WHAT YOU NEED TO DO:
The material below includes pictures; leave them out and return only the lines between the line containing "For the parfaits, I" and the line containing "As we drove, something", inclusive, word for word.

DATA FOR THE TASK:
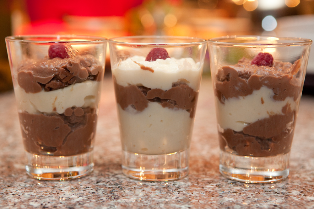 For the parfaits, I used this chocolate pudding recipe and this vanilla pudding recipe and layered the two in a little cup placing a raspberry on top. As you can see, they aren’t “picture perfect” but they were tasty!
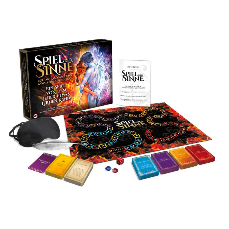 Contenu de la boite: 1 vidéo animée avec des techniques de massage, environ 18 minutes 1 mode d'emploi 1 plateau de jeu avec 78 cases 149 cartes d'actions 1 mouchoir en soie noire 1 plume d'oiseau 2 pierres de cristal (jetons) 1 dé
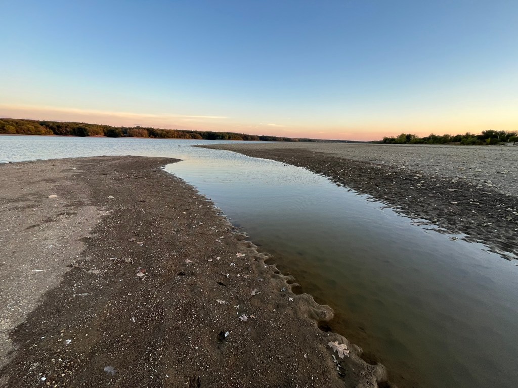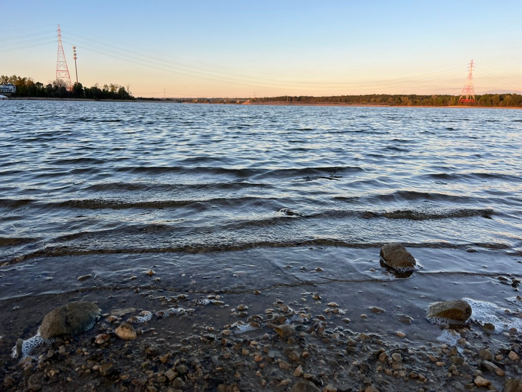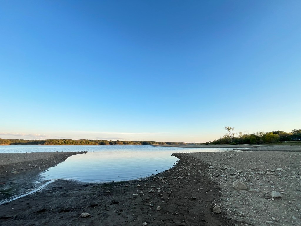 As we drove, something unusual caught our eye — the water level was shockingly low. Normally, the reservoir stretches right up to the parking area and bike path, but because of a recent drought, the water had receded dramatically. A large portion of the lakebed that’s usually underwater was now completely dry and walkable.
...
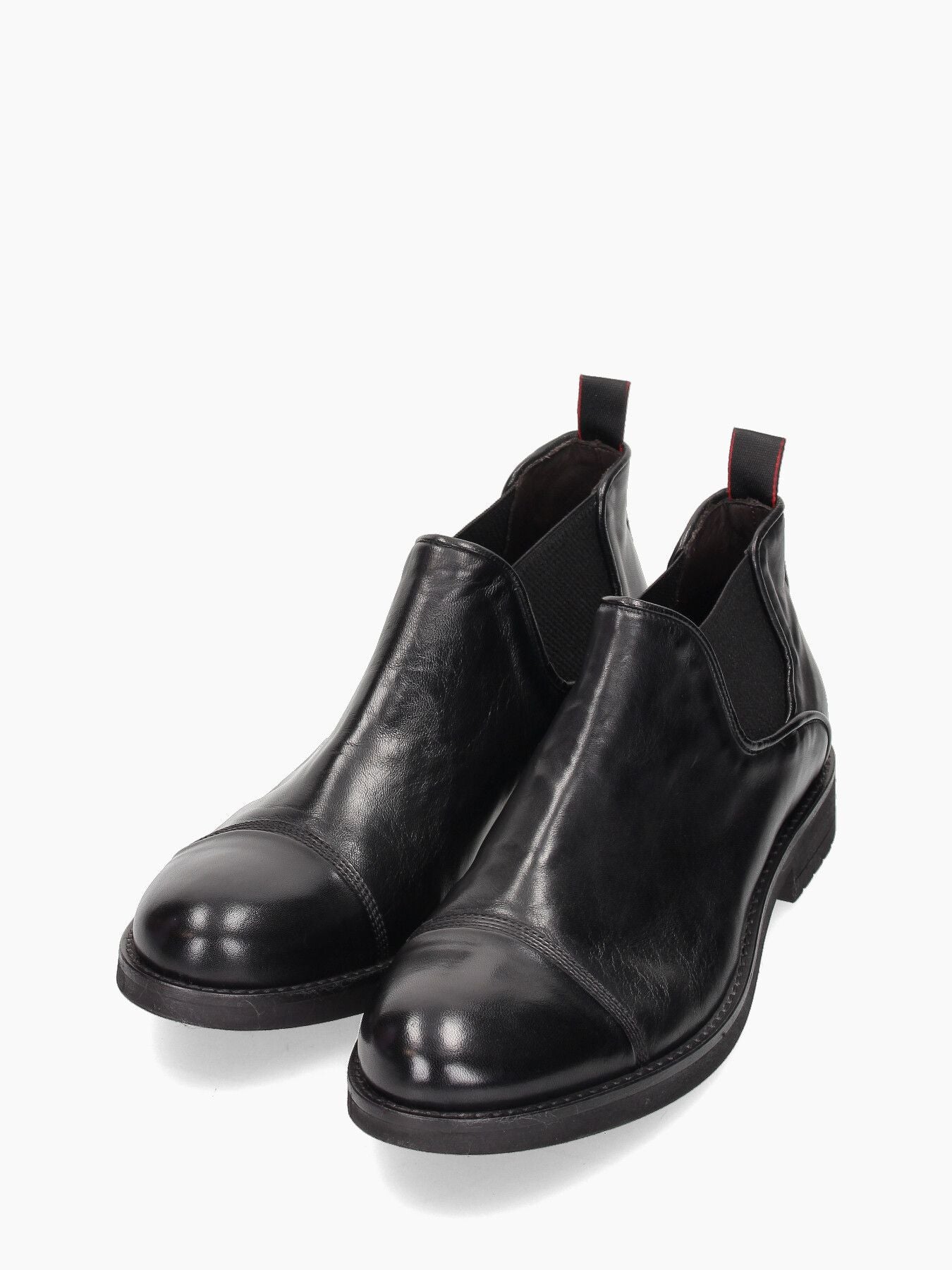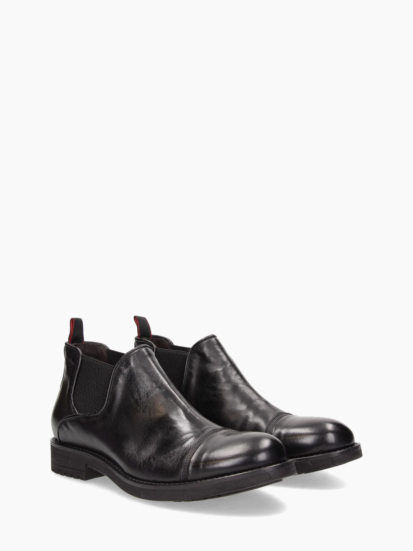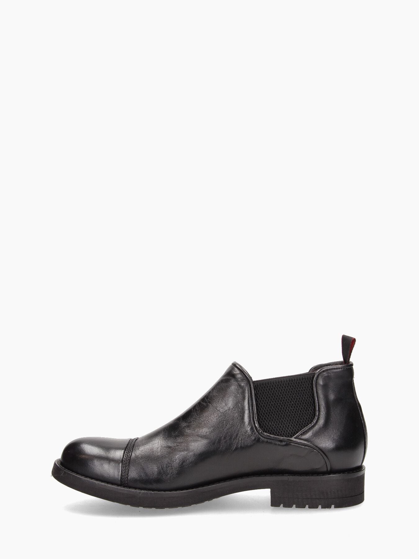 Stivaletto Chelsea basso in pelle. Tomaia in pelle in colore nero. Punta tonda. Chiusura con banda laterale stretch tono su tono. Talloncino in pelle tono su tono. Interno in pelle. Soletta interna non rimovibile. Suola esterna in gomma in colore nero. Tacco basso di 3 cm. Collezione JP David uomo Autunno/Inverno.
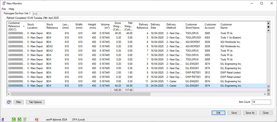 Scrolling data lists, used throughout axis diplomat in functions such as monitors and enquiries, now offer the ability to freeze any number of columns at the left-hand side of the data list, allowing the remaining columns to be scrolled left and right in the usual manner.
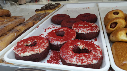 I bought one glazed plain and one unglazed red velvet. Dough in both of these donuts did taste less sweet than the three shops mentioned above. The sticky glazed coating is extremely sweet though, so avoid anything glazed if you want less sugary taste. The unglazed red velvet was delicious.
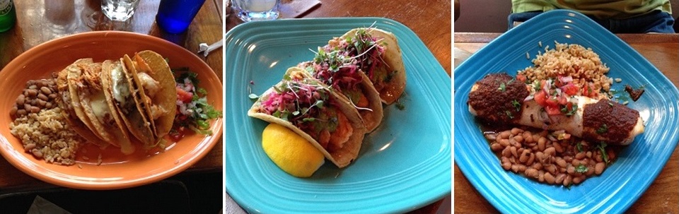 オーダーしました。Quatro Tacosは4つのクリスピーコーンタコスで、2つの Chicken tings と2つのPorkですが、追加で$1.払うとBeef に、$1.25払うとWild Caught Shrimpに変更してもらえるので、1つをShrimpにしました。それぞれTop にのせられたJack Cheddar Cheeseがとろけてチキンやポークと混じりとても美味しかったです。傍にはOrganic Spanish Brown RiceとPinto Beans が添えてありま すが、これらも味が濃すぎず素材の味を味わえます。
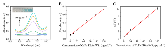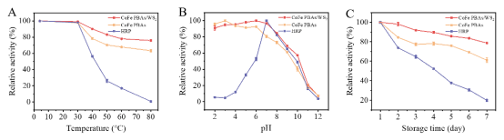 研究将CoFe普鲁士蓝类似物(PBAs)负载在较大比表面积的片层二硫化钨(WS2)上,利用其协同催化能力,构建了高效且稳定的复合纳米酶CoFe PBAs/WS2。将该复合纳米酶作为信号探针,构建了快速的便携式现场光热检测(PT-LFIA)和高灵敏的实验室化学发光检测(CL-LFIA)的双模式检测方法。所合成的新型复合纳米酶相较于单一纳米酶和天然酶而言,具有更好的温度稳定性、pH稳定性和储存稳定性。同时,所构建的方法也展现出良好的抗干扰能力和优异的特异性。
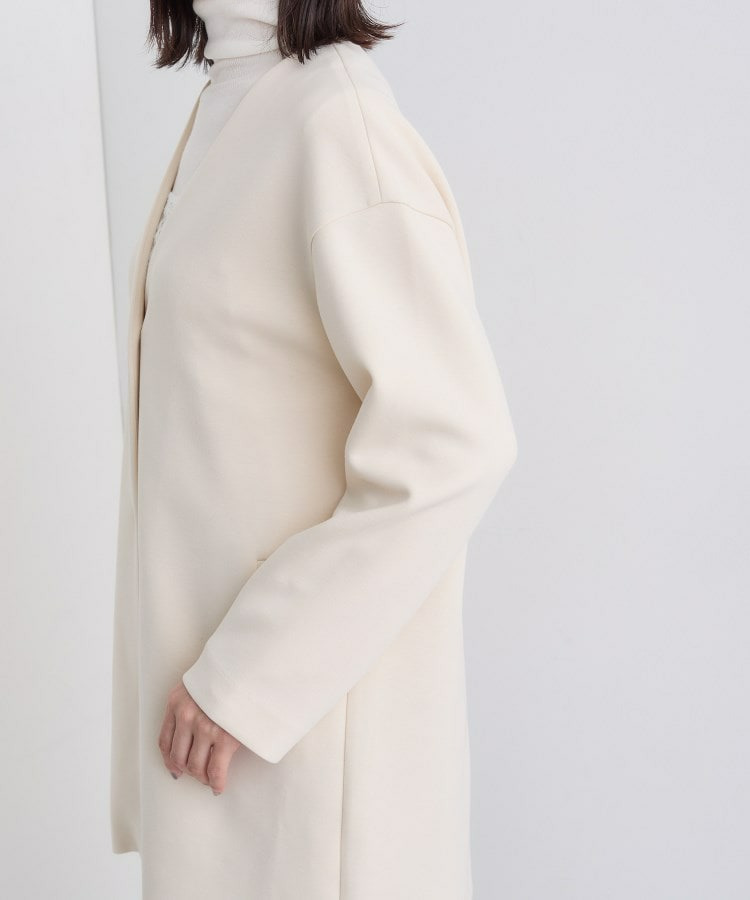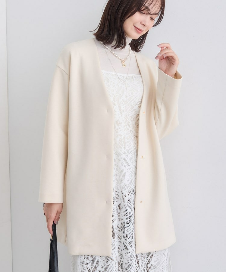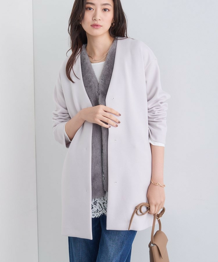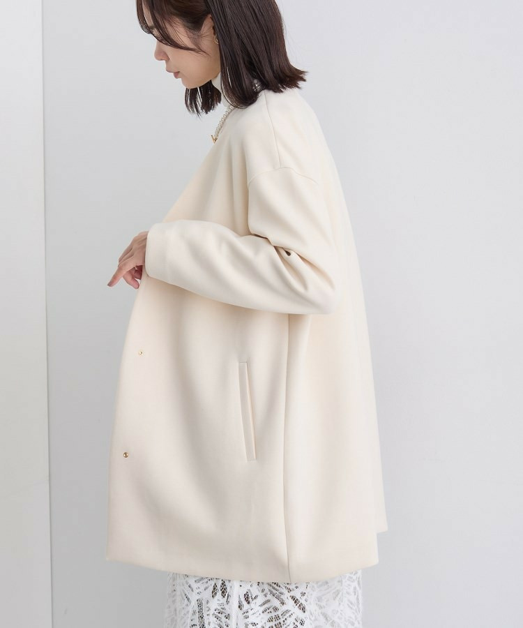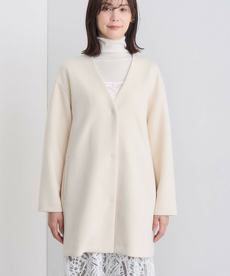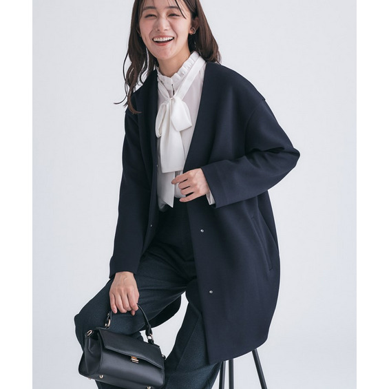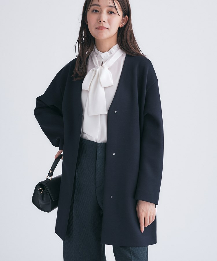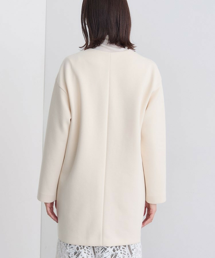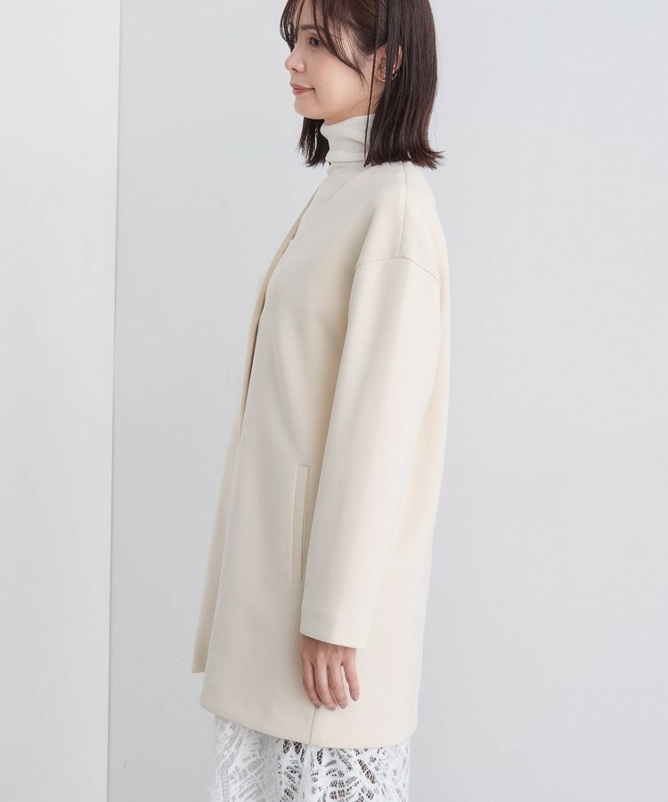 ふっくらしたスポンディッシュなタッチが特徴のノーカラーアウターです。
* * *
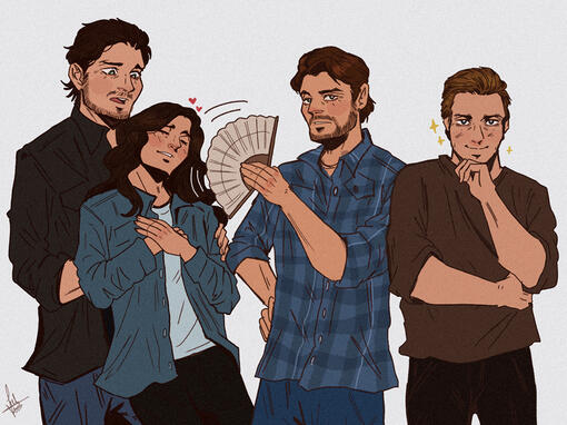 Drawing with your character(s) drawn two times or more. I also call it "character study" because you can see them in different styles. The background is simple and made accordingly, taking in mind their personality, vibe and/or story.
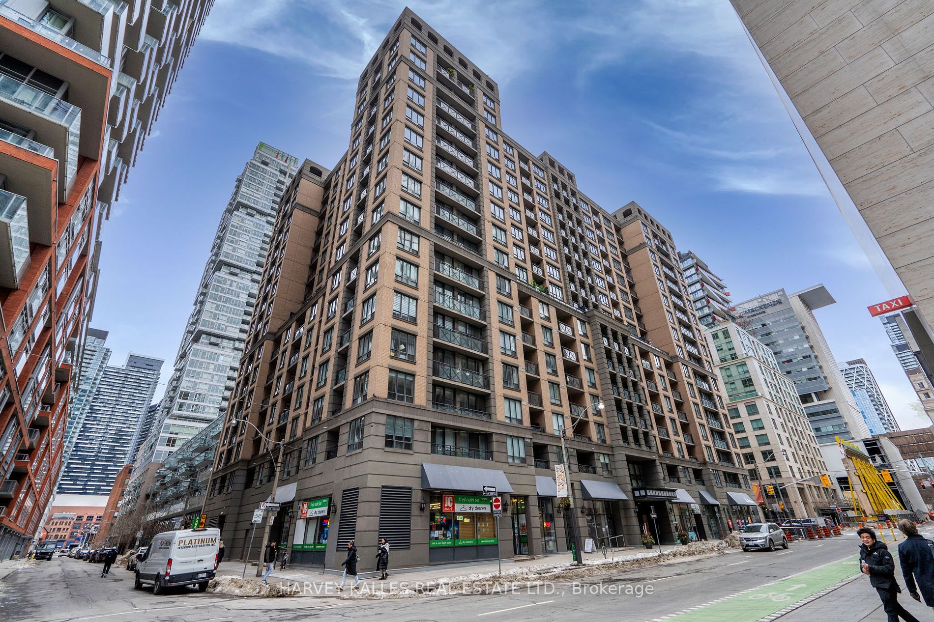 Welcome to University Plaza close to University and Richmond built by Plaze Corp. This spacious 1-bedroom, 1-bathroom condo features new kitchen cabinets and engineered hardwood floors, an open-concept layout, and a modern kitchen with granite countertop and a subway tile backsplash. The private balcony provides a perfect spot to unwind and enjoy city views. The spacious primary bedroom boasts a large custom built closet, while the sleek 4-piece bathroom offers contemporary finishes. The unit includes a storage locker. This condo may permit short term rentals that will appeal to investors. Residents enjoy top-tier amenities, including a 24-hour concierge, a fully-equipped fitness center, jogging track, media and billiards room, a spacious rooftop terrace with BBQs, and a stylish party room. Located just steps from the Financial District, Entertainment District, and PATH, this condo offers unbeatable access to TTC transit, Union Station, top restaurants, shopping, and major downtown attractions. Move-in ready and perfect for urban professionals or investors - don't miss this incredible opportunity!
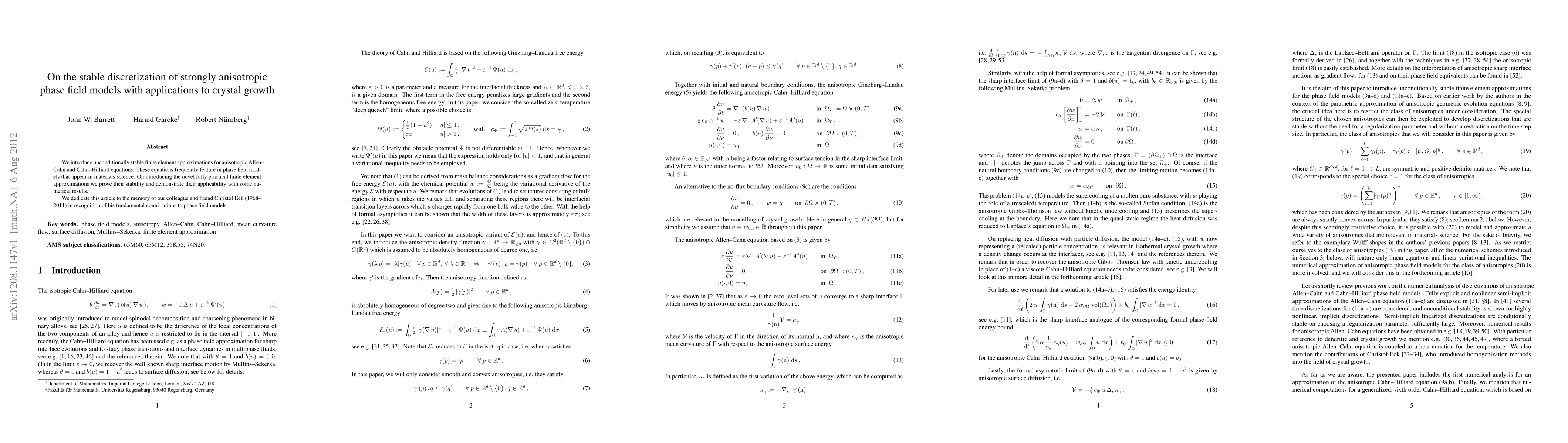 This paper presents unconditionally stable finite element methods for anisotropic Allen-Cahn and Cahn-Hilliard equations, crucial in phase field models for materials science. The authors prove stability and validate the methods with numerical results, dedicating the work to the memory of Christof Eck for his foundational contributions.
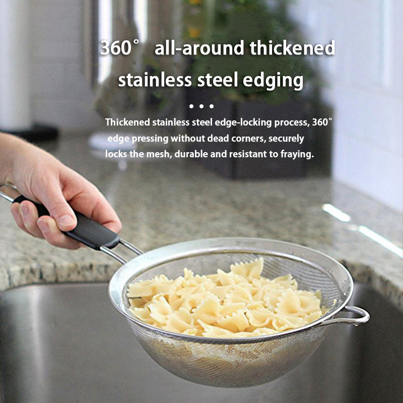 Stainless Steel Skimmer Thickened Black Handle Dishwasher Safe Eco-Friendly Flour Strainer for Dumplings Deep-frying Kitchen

EXERCISE SOLUTION:
 For the parfaits, I used this chocolate pudding recipe and this vanilla pudding recipe and layered the two in a little cup placing a raspberry on top. As you can see, they aren’t “picture perfect” but they were tasty!
 Contenu de la boite: 1 vidéo animée avec des techniques de massage, environ 18 minutes 1 mode d'emploi 1 plateau de jeu avec 78 cases 149 cartes d'actions 1 mouchoir en soie noire 1 plume d'oiseau 2 pierres de cristal (jetons) 1 dé
 As we drove, something unusual caught our eye — the water level was shockingly low. Normally, the reservoir stretches right up to the parking area and bike path, but because of a recent drought, the water had receded dramatically. A large portion of the lakebed that’s usually underwater was now completely dry and walkable.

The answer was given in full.